これに対抗するのが、ユニリーバの「ラックス」と「ダヴ」です。「ラックス」はもともと英国で生まれた石けんのブランドで、現在の主力であるシャンプーではやや高い価格帯のプレミアムブランドという位置づけです。元来が石けんブランドであるため、ボディーソープにも強みを持ち、「髪や肌を美しく輝かせる」ことをサポートすると説明しています。

「ダヴ」は1950年代に米国で誕生した石けんのブランドで、それまで汚れを落とすことだけが使命だった石けんに「うるおい」という新たな価値をもたらしました。「うるおい」という保湿力を武器に今やシャンプーやボディーウオッシュなどヘアケアとボディーケア、スキンケアを網羅する巨大ブランドに成長しています。

世界シェアは両者で棲み分け?

世界市場シェアをみると、シャンプーではP&Gが一歩リードする半面、ボディーソープではユニリーバが頭一つ抜けているようです。両社はほかの分野でも競合していますが、世界市場では一部、棲み分けを図っているともみられます。P&Gの売上高に占める米国市場の割合が49%、その他の市場は51%(2025年6月期)と米国の比重が高いのに対し、ユニリーバはアジア太平洋・アフリカが48%、米州が37%、欧州が19%と新興国に強みを持っています。

企業概要:プロクター・アンド・ギャンブル[PG]

日用品・トイレタリーの世界最大手。1837年にウィリアム・プロクター氏とジェームス・ギャンブル氏が立ち上げたビジネスが祖業で、創業者2人の名前が社名となった。最大の顧客はウォルマート(WMT)で売上高全体の16%相当を占める。

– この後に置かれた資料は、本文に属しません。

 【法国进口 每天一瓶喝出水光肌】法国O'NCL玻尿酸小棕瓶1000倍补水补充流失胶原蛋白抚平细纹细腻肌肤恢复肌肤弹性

【図表1】プロクター・アンド・ギャンブル[PG]:業績推移(単位:百万ドル)
出所:LSEGよりDZHフィナンシャルリサーチ作成
※期末は6月
【図表2】プロクター・アンド・ギャンブル[PG]:週足チャート(移動平均線 緑色:13週、橙色:26週)
出所:マネックス証券ウェブサイト(2026年6月5日時点)

企業概要:ユニリーバ[UL]

日用品・トイレタリーの世界大手で、P&Gのライバル。石けんメーカーの英リーバ・ブラザーズとマーガリン製造のオランダのユニーが1930年に合併して誕生した。多様な製品を開発し、新興国市場向けの製品開発とブランド展開に強みを持つ。

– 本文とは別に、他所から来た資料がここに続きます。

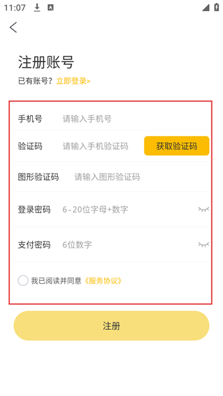 4、进入注册账号页面后,按顺序填写【手机号】【验证码】等信息,勾选相关协议,再点击注册按钮,即可完成账号创建。

【図表3】ユニリーバ[UL]:半期ベースの業績推移(単位:百万ドル)
出所:LSEGよりDZHフィナンシャルリサーチ作成 ※期末は12月
【図表4】ユニリーバ[UL]:週足チャート(移動平均線 緑色:13週、橙色:26週)
出所:マネックス証券ウェブサイト(2026年6月5日時点)

洗面台の覇権争い、オーラルケアブランドの対決:コルゲート・パルモリーブ[CL]、ケンビュー[KVUE]

「コルゲート」のコルゲート・パルモリーブ[CL]

洗面台では歯磨きをはじめとするオーラルケアの分野で覇権争いが行われています。歯磨き粉の世界最大手はコルゲート・パルモリーブ[CL]で、「コルゲート」ブランドが有名です。いまからちょうど130年前、1896年に世界で初めてチューブ入り歯磨き粉を発売し、その後もブランド価値を積み上げてきました。日本ではあまり見かけませんが、200を超える国・地域で販売しており、海外旅行などでは赤地に白抜きの文字が入ったパッケージを目にする機会も多いと思います。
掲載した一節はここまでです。